The optical image on the photodetector device can be improved by providing, in the reference light path, an equal, further optical probe or at least a glass device for compensating for a glass proportion present in the optical probe with regard to the elements for the intermediate image(s).
A favorable construction, as far as handling is concerned, is one in which the optical motion difference between the first and the second arm is greater than the coherence length of the radiation; the radiation coming from the first mirror and the reflecting element are guided through a common optical probe (common path) using a further radiation portion; in the optical probe, a reference mirror is arranged at such a distance from the measured object that the motion difference between the first mirror and the reflecting element is canceled, and one part of the radiation incident on the reference mirror is reflected to the photodetector device and one part is allowed to pass through to the measured object and is reflected from there to the photodetector device.
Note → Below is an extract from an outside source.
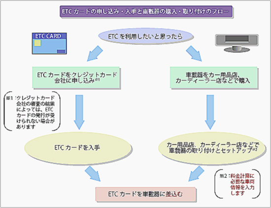 ETCカードとは、従来の通常高速道路入り口で券を受け取って、出るときに料金所の人に券を渡しお金を支払い…という大変時間のかかっていた高速道路の料金支払い体制を一新させた自動料金支払いシステムです。これにより、料金所の通過は3倍もスムーズになるといわれています。ETCは車に専用の機械を装備する必要があります。さらにETCカードと呼ばれる、 料金の支払いの際に使用するカードをセットしなれければいけません。
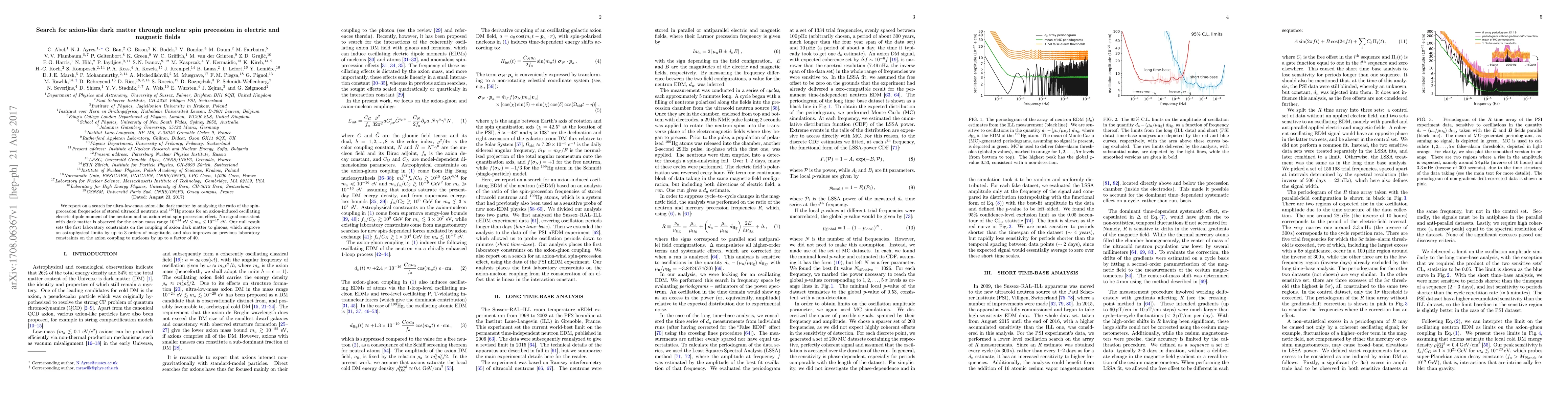 This research investigates ultra-low-mass axion-like dark matter via nuclear spin precession in electric and magnetic fields, finding no signal in the specified axion mass range. The study sets new laboratory constraints on axion-gluon and axion-nucleon coupling, surpassing previous limits by significant margins.

A further benefit of this design is that the object and reference waves pass through virtually the identical optics assembly, so that aberrations are substantially compensated for. Moreover, this set-up is more resistant to mechanical shocks. In this connection, two embodiment possibilities are for the reference mirror to be provided on a flat face-plate or on a prism.
In this connection, handling can further be simplified by arranging a fiber optic element between the beam splitter and the further beam splitter.
In this design too, splitting essentially into a probe part and a part having a modulation arrangement is realized, handling being also favored.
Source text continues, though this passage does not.